WHAT THIS TASK INVOLVES
Repeat, line for line, only the span that opens at the "LE MURA XL sofa" line and closes at the final line below. Skip the pictures.

INFORMATION GIVEN
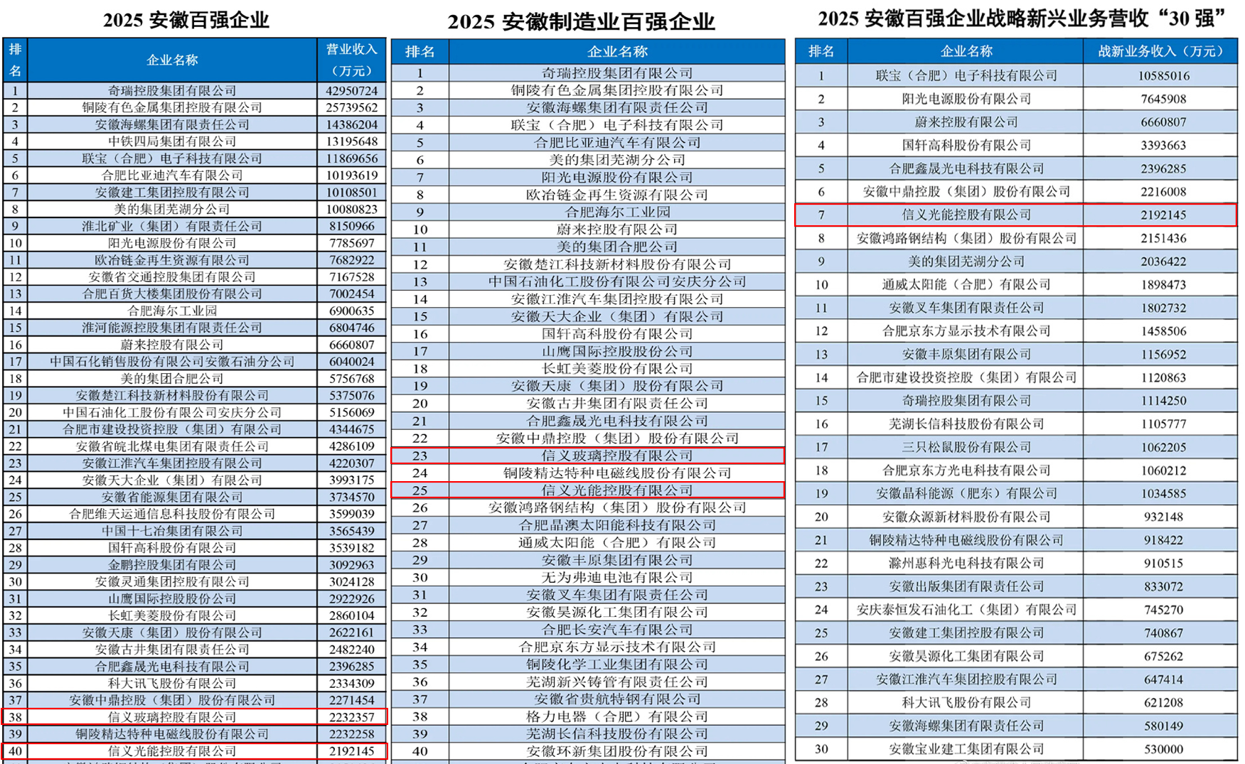 信義系两家上市公司信義玻璃控股有限公司和信義光能控股有限公司凭借稳健的经营发展,在多项榜单中斩获佳绩。其中信義光能位列安徽百强企业第40位、安徽制造业百强企业第25位、安徽百强企业战略新兴业务营收“30强”第7位,彰显了企业在新能源领域的核心竞争力。
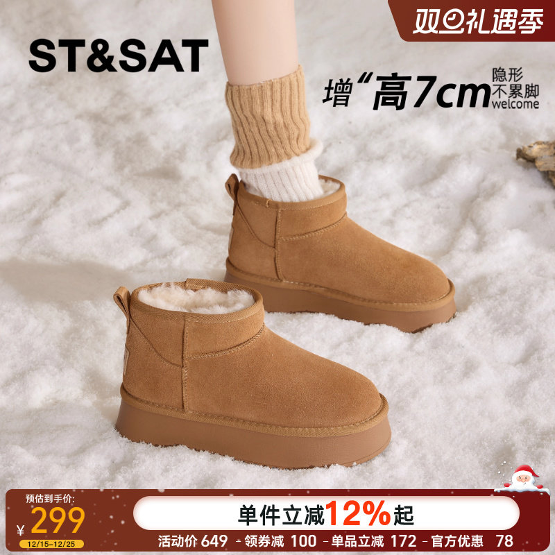 星期六7CM内增高雪地靴女厚底增高百搭加绒加厚保暖棉靴高帮女鞋
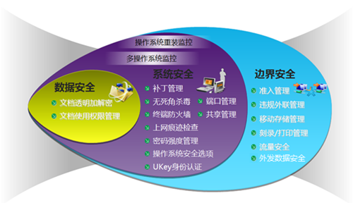 1.終端的邊界安全:對終端所有能夠與外界進行數據交互的途徑進行管理和監控,防止重要數據信息通過邊界外泄。
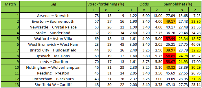 Vi har möblerat om lite, så info om inlägget och hur informationen presenteras finns nu i vår spelskola. Vi går istället direkt på oddsanalysen och spelförslaget för stryktipskupongen vecka 17. På veckans kupong har vi hela 6 matcher från Premier League och resterande 7 matcher från Championship.
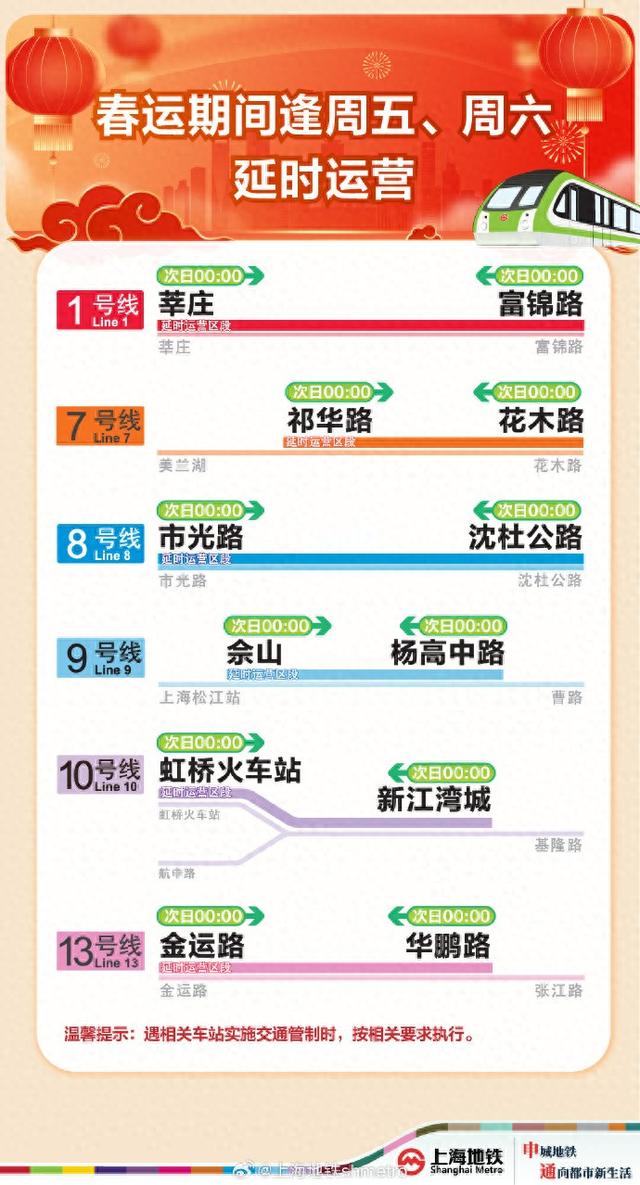 返程高峰将至,上海多条地铁线开加班车、虹桥枢纽设夜间免费摆渡巴士
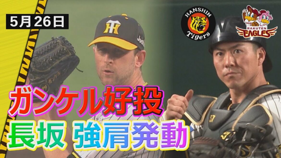 プロ野球交流戦、パ・リーグ首位楽天との3連戦第3戦、先発ガンケルは打たれたヒットは内野安打2本を含む3安打のみ、7回を無失点に抑える好投を見せます。女房役の長坂も2度、盗塁を刺すなどガンケルを援護。甲子園を沸かせました。しかし打線の援護なく連敗を喫しました
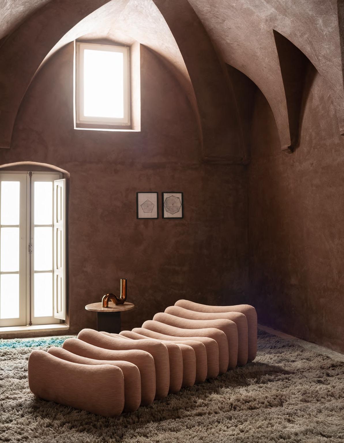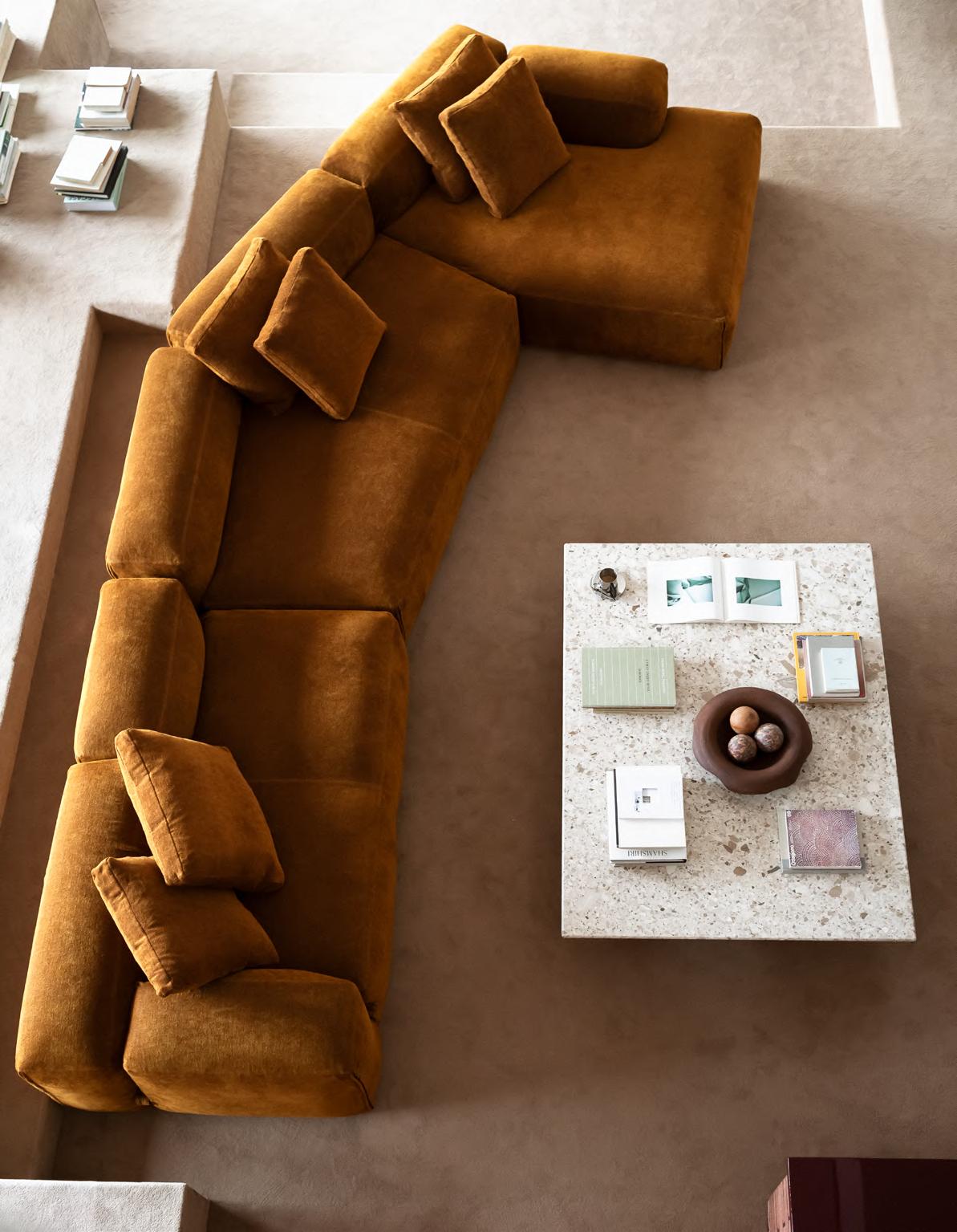 LE MURA XL sofa by Mario Bellini, 2025, clasp /zipper T148 Matt Black Nickel, upholstery Loto col. 02. GIAN low table by Studiopepe, 2025, T201 Powder Pink concrete base, T212 Ceppo Appia Antica marble top. ALTAR low table by EWE Studio, 2023, finish T178 Plaster Cement.
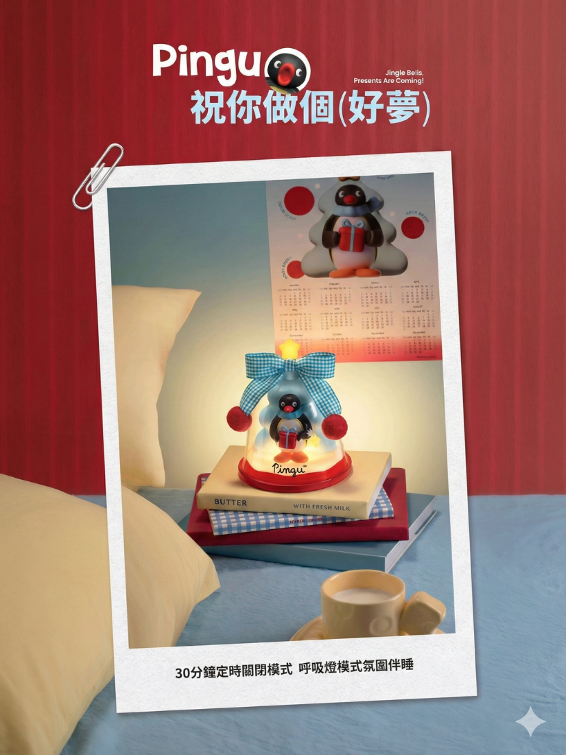 情境:深夜覺得孤單?看著 Pingu 呆萌的臉,暖黃色的燈光灑下來,瞬間覺得心裡暖暖的,壓力全消!
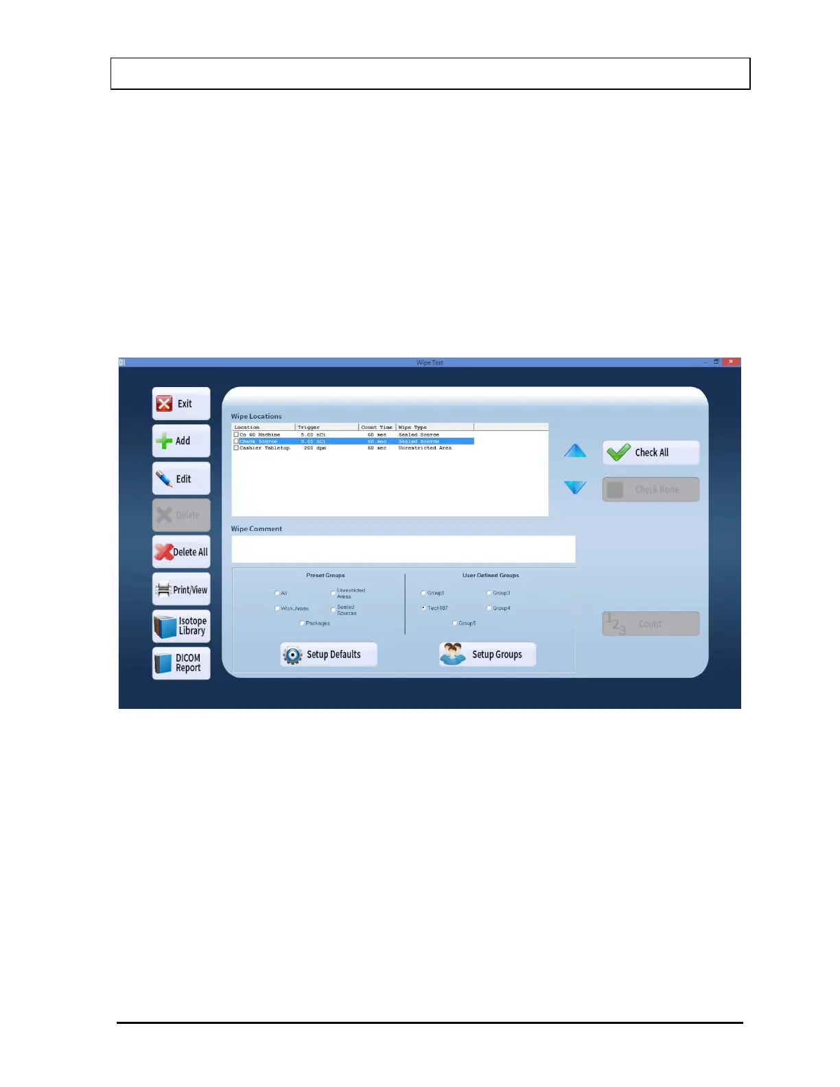 In Figure 8-8 below, the “Tech187” group is selected and only the wipe tests belonging to
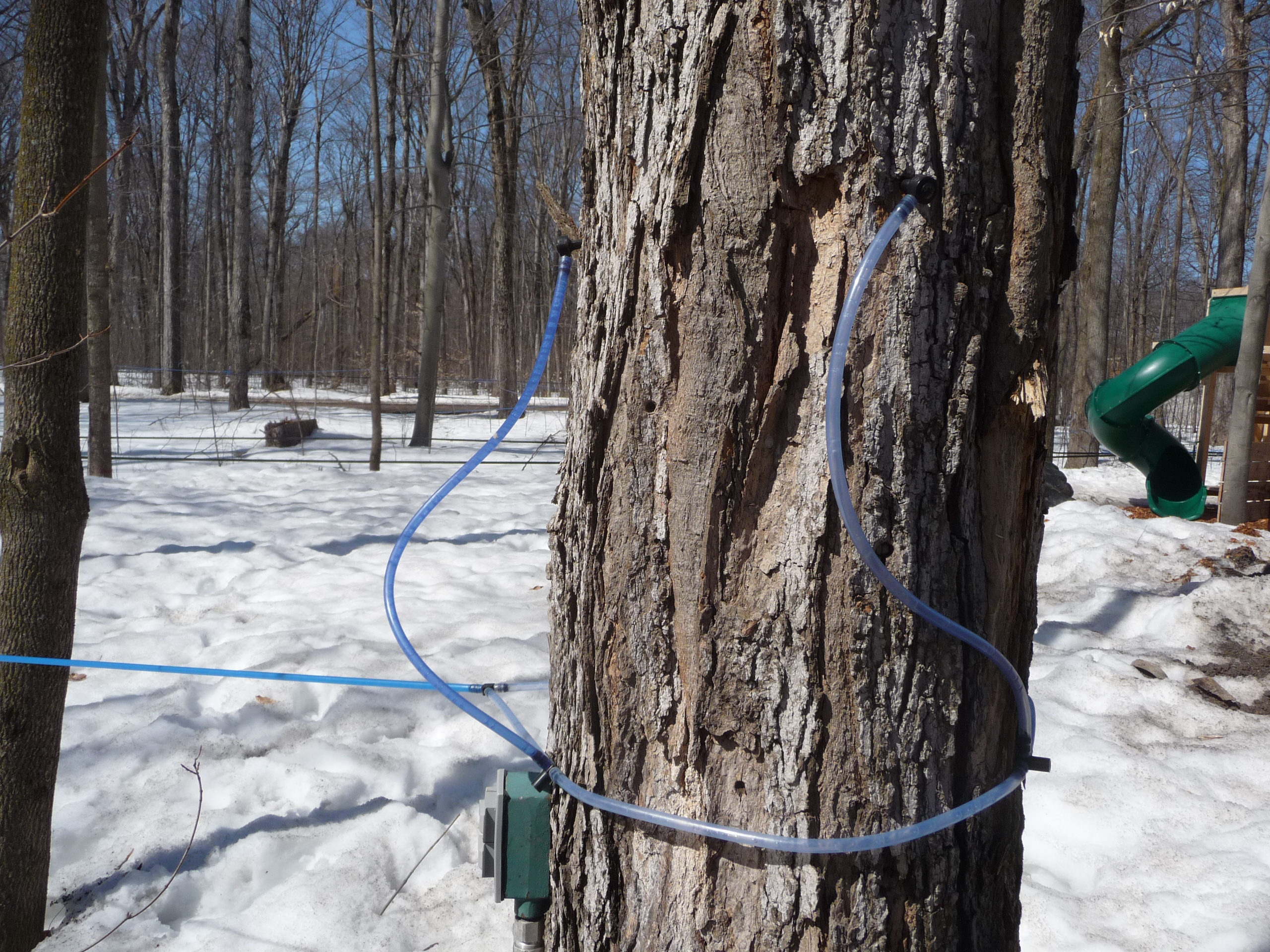 We went to a sugar shack near Ste.-Eustache the other day, a wonderful experience. There was breakfast — thick smoky pea soup with lots of bread, accompanied by creton, then followed by a souffled omelette, ham, sausages with maple syrup, and then sugar pie. We met Manon’s parents Gerard and Nicole there and sat with hundreds of others in a big noisy room and it was lots of fun. The man next to John kept showing him pictures of his workplace where he made thick wire used for construction and his son said with a smile that he didn’t think we had maples in B.C. Of course we do! The bigleaf maple! And people even make maple syrup from its sap, a long process, and there is even a festival of bigleaf maple syrup near Duncan in February. But you never see this:

ANSWER AREA
 LE MURA XL sofa by Mario Bellini, 2025, clasp /zipper T148 Matt Black Nickel, upholstery Loto col. 02. GIAN low table by Studiopepe, 2025, T201 Powder Pink concrete base, T212 Ceppo Appia Antica marble top. ALTAR low table by EWE Studio, 2023, finish T178 Plaster Cement.
 情境:深夜覺得孤單?看著 Pingu 呆萌的臉,暖黃色的燈光灑下來,瞬間覺得心裡暖暖的,壓力全消!
 In Figure 8-8 below, the “Tech187” group is selected and only the wipe tests belonging to
 We went to a sugar shack near Ste.-Eustache the other day, a wonderful experience. There was breakfast — thick smoky pea soup with lots of bread, accompanied by creton, then followed by a souffled omelette, ham, sausages with maple syrup, and then sugar pie. We met Manon’s parents Gerard and Nicole there and sat with hundreds of others in a big noisy room and it was lots of fun. The man next to John kept showing him pictures of his workplace where he made thick wire used for construction and his son said with a smile that he didn’t think we had maples in B.C. Of course we do! The bigleaf maple! And people even make maple syrup from its sap, a long process, and there is even a festival of bigleaf maple syrup near Duncan in February. But you never see this:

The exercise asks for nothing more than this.